__Problem to solve__.
With the images removed, transcribe the listing that follows exactly.

__Source data__.

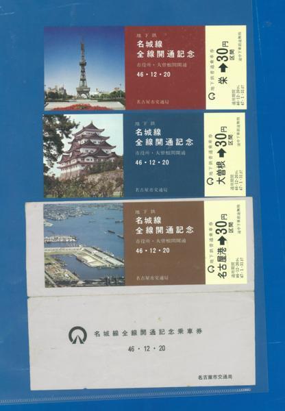 記念乗車券 名古屋地下鉄名城線開通記念 3種です。
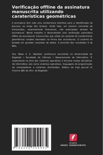A assinatura tem sido uma caraterística distintiva para a identificação de pessoas ao longo dos tempos. Ainda hoje, um número crescente de transacções, especialmente financeiras, são autorizadas através de assinaturas. Neste trabalho é desenvolvida uma verificação automática offline de assinaturas manuscritas que utiliza um conjunto de caraterísticas geométricas simples baseadas na forma das assinaturas. O sistema foi testado em grandes conjuntos de dados. A precisão dos resultados é de 96%.
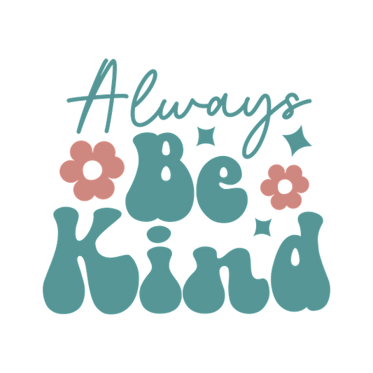 Diseño brillante y alegre que presenta la frase "Sé siempre amable", adornado con flores de colores y estrellas divertidas.

__Reply to the exercise__.
 記念乗車券 名古屋地下鉄名城線開通記念 3種です。
A assinatura tem sido uma caraterística distintiva para a identificação de pessoas ao longo dos tempos. Ainda hoje, um número crescente de transacções, especialmente financeiras, são autorizadas através de assinaturas. Neste trabalho é desenvolvida uma verificação automática offline de assinaturas manuscritas que utiliza um conjunto de caraterísticas geométricas simples baseadas na forma das assinaturas. O sistema foi testado em grandes conjuntos de dados. A precisão dos resultados é de 96%.
 Diseño brillante y alegre que presenta la frase "Sé siempre amable", adornado con flores de colores y estrellas divertidas.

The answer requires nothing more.